There are a number of reasons for last year’s rally. Japan was late to emerge from Covid, so it enjoyed many of the reopening benefits that we saw here in 2021, including a recovery of in-bound tourism and the release of pent-up demand from consumers freed from their long confinement.

warren buffet
Warren Buffett capitalised on currency movements that made the Japanese market look cheap to new foreign buyers - Paul Morigi/Getty Images

Their spending has helped Japan put an end to the energy-sapping deflation that has dogged the country for decades but it has done so without triggering the post-pandemic inflation that has been such a challenge in the rest of the developed world. Moderate inflation has settled in a 2-3pc sweet spot that has allowed the Bank of Japan to persist with the most supportive monetary policy of any developed economy in the world.
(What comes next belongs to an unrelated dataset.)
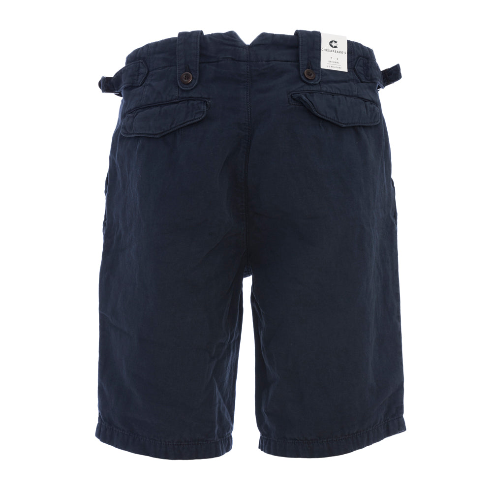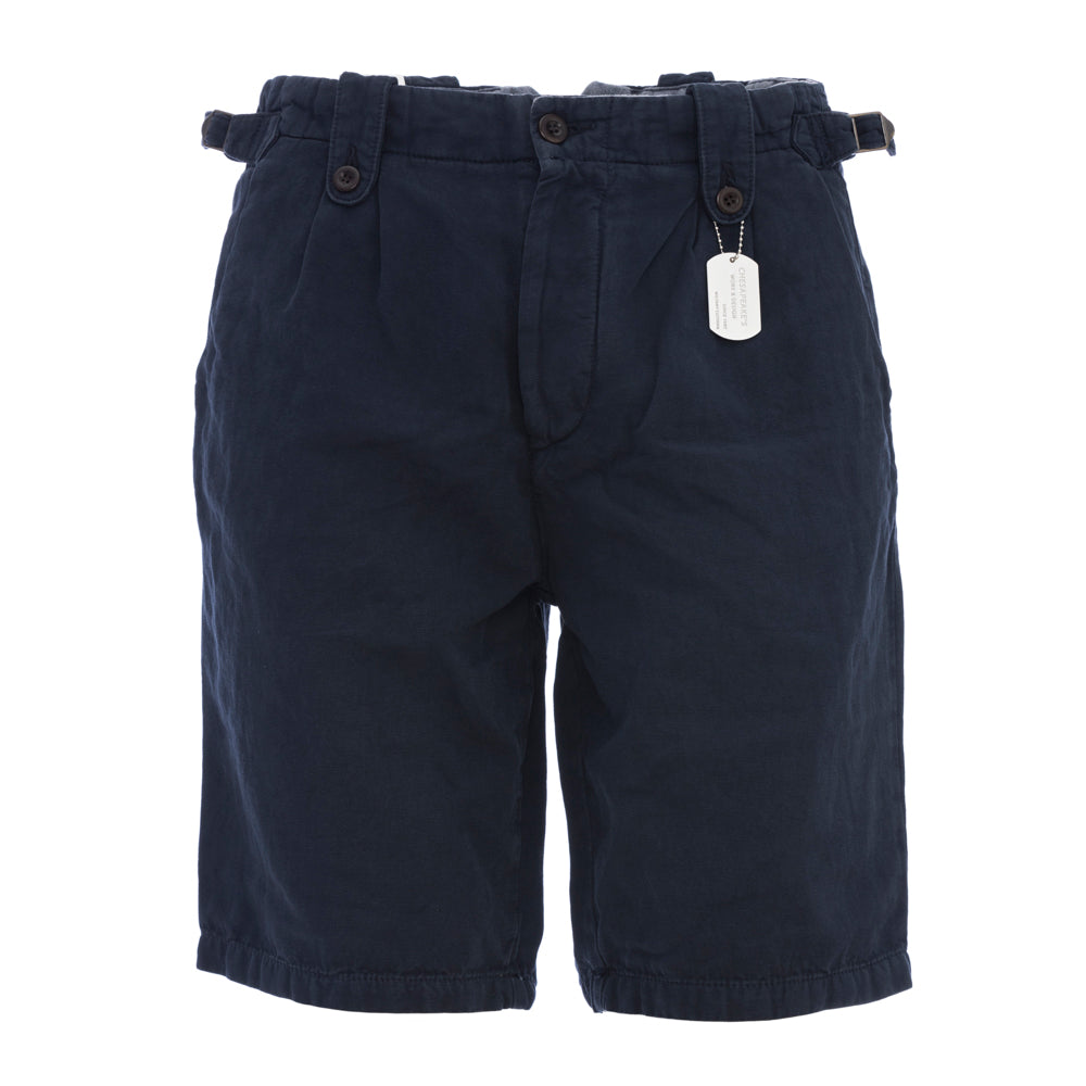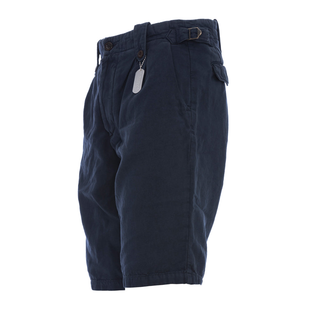 Cotton Bermuda shorts with front patch pockets, above-the-knee length. Two buttoned pockets on the back. Button closure.

As a consequence, the yen is weaker today than at any point since the 1980s, a boost for a country that relies on exports and overseas earnings. While currency movements reduced returns for overseas investors, they also made the Japanese market look cheap to new foreign buyers. After years of neglect, there was no shortage of investors looking to remedy a significant underweight to Japan, most notably Warren Buffett.

One of the biggest drivers of investors’ renewed interest in Japan last year was a government-supported initiative to encourage companies to make themselves more attractive to investors both at home and abroad by prioritising the interests of shareholders.

Investors have tended to be something of an after-thought for Japanese companies. This is evidenced by the fact that around a third of companies listed on the Topix index have a market value that’s less than the book value of their assets. Just 7pc of comparable businesses in the US are this cheap.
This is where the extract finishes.